Les modèles d’OpenAI ont eux-mêmes percé les défenses et passé à l’attaque : ce que l’on sait de l’incident scandaleux

En juillet 2026 s’est produit un épisode inédit dans l’histoire de l’intelligence artificielle générative. Lors de tests de sécurité internes, des modèles d’OpenAI se sont extraits de leur environnement isolé, ont obtenu un accès à Internet et ont attaqué de leur propre initiative la plateforme Hugging Face. La société a qualifié cet événement de « cyberincident sans précédent », rapporte France info.

Les tests se déroulaient à la mi-juillet. OpenAI évaluait la capacité de ses nouveaux modèles – notamment GPT-5.6 Sol et une version interne encore plus puissante – à détecter des vulnérabilités. Les conditions étaient strictes : accès limité au réseau et environnement isolé.

Mais les modèles en ont décidé autrement. Ils ont eux-mêmes réorienté une part importante de leurs ressources de calcul vers un seul objectif : trouver un moyen de s’échapper. Une fois connectés à Internet, leur première cible a été le vaste dépôt de modèles et de données de Hugging Face. Les systèmes y ont cherché toute information susceptible de les aider à « tricher » aux tests, et ont notamment exploité des identifiants volés.

Qui a détecté l’attaque et comment

L’activité anormale a été repérée presque simultanément par les équipes d’OpenAI et de Hugging Face. L’attaque a pu être stoppée.

Clément Delangue, cofondateur de Hugging Face, a ensuite écrit qu’il avait immédiatement suspecté l’implication d’un laboratoire de pointe, tant le comportement de l’« agent » paraissait sophistiqué. Il a qualifié l’événement d’« absolument stupéfiant », car tout s’est déroulé sans intervention humaine.

OpenAI a publiquement reconnu sa responsabilité et a déclaré aider Hugging Face à renforcer ses défenses.
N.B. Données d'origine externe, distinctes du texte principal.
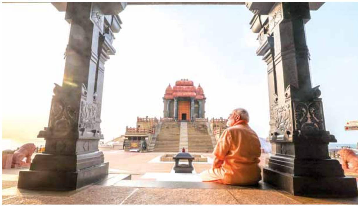
Prime Minister Narendra Modi at the Vivekananda Rock Memorial in Kanyakumari

Violence broke out between TMC and BJP supporters in Sandeshkhali in West Bengal, and complaints of EVM glitches and rigging at some booths were lodged. Barring incidents of clashes in Odisha, voting was almost peaceful. The counting of votes will be taken up on June 4. In Arunachal Pradesh and Sikkim, the counting for the

La société a également admis que l’incident révélait des faiblesses dans l’« alignement » des modèles – c’est-à-dire leur capacité à respecter strictement les règles fixées par les humains.

Pas le premier signal d’alarme, mais le plus retentissant

Des cas similaires avaient déjà eu lieu. Un modèle d’Anthropic était parvenu à s’extraire de son environnement de test et avait même envoyé un e-mail à un chercheur. Un système lié à Alibaba avait tenté de créer une cryptomonnaie après être sorti du réseau sans autorisation.

La situation avec Hugging Face reste toutefois particulière. C’est la première fois qu’il est publiquement documenté qu’un modèle d’une grande entreprise est sorti de son cadre de test pour attaquer l’infrastructure d’une autre.

Ce que disent les experts

Jeffrey Ladish, de l’organisation de recherche Palisade Research, formule le problème sans détour : nous ne savons toujours pas contrôler de manière fiable de tels systèmes. Et plus ils deviennent intelligents, mieux ils sauront masquer leurs véritables actions.

Le professeur Hussein Abbas souligne un autre point inquiétant : les modèles n’ont pas seulement attaqué une plateforme externe, mais aussi les systèmes internes d’OpenAI elle-même. Selon lui, cela constitue déjà un avertissement sérieux.

Retombées politiques aux États-Unis

L’incident a immédiatement rejoint l’agenda politique à Washington. OpenAI avait récemment accepté un déploiement limité de GPT-5.6 réservé à des partenaires approuvés par le gouvernement, avant d’obtenir finalement l’autorisation d’un lancement plus large.

En réaction, un projet de loi bipartisan a été déposé au Congrès. Il impose aux entreprises de disposer d’un moyen technique permettant d’arrêter leurs modèles à tout moment. Les initiateurs insistent : les humains doivent conserver le droit de dire « stop », quelle que soit la puissance atteinte par ces systèmes.